On January 5, 2026, for the first time in 25 years, the entire state of California was declared drought free. The source of this welcome news was the federally funded U.S. Drought Monitor (USDM), a collaborative effort involving experts from academia along with the USDA and the National Oceanic and Atmospheric Administration (NOAA). Once per week, USDM produces a national map that shows where drought is occurring, and for most of the last few decades, large swaths of California have been tinted alarming shades of red to denote conditions ranging from “exceptional drought” to “severe drought.”
The fact that the US Drought Monitor has declared California to be totally drought free carries with it unusually high credibility, as demonstrated by a new study by researchers at the California Policy Center. The study, commissioned by Mesa Water District (serving Newport Beach and Costa Mesa), took the USDM’s historical assessment of drought frequency and severity in California during the last half of the 20th century, and compared that to their reports issued over the past 25 years. It found that USDM claimed areas within the state were experiencing some level of drought 61 percent of the time over the past 25 years, compared to only 30 percent of the time in the decades prior to 2000.
But was California twice as dry this century compared to the last century? To answer this question, CPC researchers examined reports from weather stations throughout the state, developing averages by year for rainfall, snowpack, temperature, relative humidity, dew point, and vapor pressure deficit. This source data indicated California has not been experiencing a greater frequency or severity of droughts in this century. In fact, the findings for the 21st century were nearly identical to the 20th century. Rainfall, temperature, and humidity were all virtually unchanged between this century and the last century.
The study concluded that USDM drought categorizations are statistically inconsistent with long-term climate patterns and not reproducible, because independently sourced climate data showed minimal long-term drying. Moreover, the USDM only measures “dryness,” not water availability. Researchers recommended the USDM should make their methods more transparent so independent analysis can reproduce their results.

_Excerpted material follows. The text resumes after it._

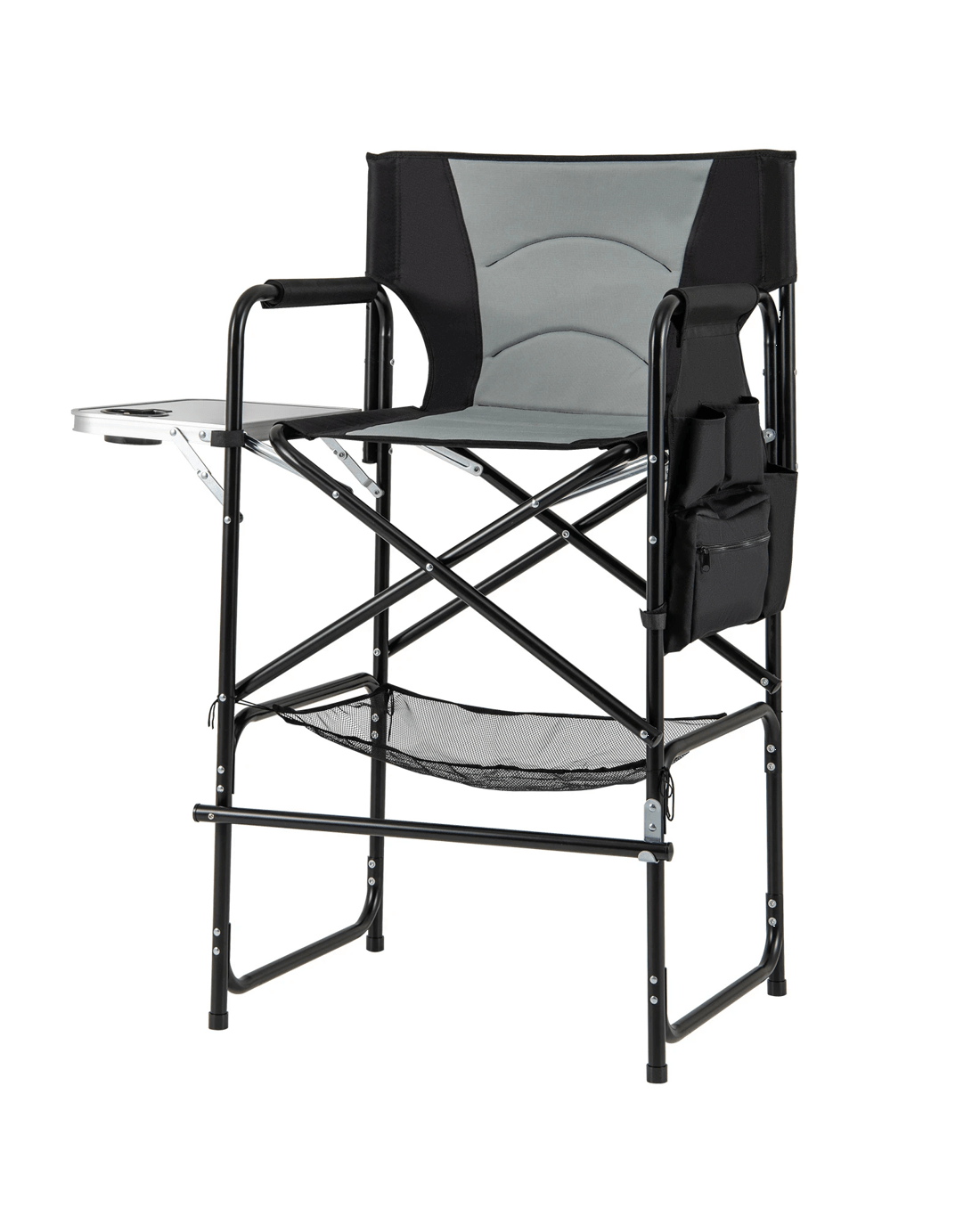 Costway Folding Camping Chair Portable Directors Chair Metal & Oxford Fabric Tall Makeup Artist Chair - Grey

These findings raise serious concerns about the USDM’s accuracy and its outsized role in shaping California’s water policy. While drought preparedness remains essential, an overreliance on the mislabeled and apparently inflated USDM categorizations has led to unnecessary water restrictions and missed opportunities to invest in long-term water resilience.

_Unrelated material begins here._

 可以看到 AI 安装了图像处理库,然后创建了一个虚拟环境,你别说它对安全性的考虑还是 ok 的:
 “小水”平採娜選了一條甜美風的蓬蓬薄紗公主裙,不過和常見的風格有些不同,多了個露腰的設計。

And yet even the US Drought Monitor now reports that California is completely drought free. It’s about time. Including our current season, the state has had above average rainfall for four consecutive years. Will the state’s powerful Water Resources Control Board take into account this abundance and increase farm allocations? Will the state legislature reconsider their “Making Conservation a Way of Life” laws that will limit indoor water use to 40 gallons per person per day?
Along with the narrative that we are experiencing unprecedented droughts, now revealed as a myth, is the narrative that somehow Californians waste water and “water wasters” have to be controlled. But total water diversions in California have not increased in over forty years. Urban consumption has remained flat at between 7 and 8 million acre feet since the 1980s, even though the state’s population has increased from 25 million to nearly 40 million since then. Water diversions for irrigation have also remained stable at between 30-35 million acre feet per year for the last 40 years, even though the value of farm production has roughly doubled.
These facts prove that Californians have already become very good at conserving water. Further restrictions on water use in the state are costly. Implementing the latest regulations on urban water use will cost billions, while eliminating incentives for water agencies to invest in additional water supply infrastructure – desalination, wastewater recycling, runoff harvesting – assets that will be necessary if prolonged droughts ever do challenge supplies. Continuing to cut farm water allocations is on track to fallow a million acres or more of irrigated farmland in the state, causing a devastating loss of jobs and economic productivity.
When even the US Drought Monitor, an organization that is demonstrably biased in favor of declaring droughts, says we are no longer in a drought in California, we should believe them. California’s legislators and water agencies should restore historical water allocations to farmers. They should increase pumping to the aqueducts during winter storms to allow farmers and water agencies in the San Joaquin Valley to recharge depleted aquifers, without those allocations coming at the expense of their contracted allocations for farm irrigation. And they should repeal legislation that enforces urban water rationing, at great cost, and instead create incentives for water agencies to invest in projects that will increase and diversify our supplies of fresh water.
There is no reason Californians cannot have abundant water. With better management of the water infrastructure we’ve already got, and smart investments in new water supply infrastructure, even if droughts eventually do challenge our supplies, we will have more than enough.
Edward Ring is the director of water and energy policy at the California Policy Center.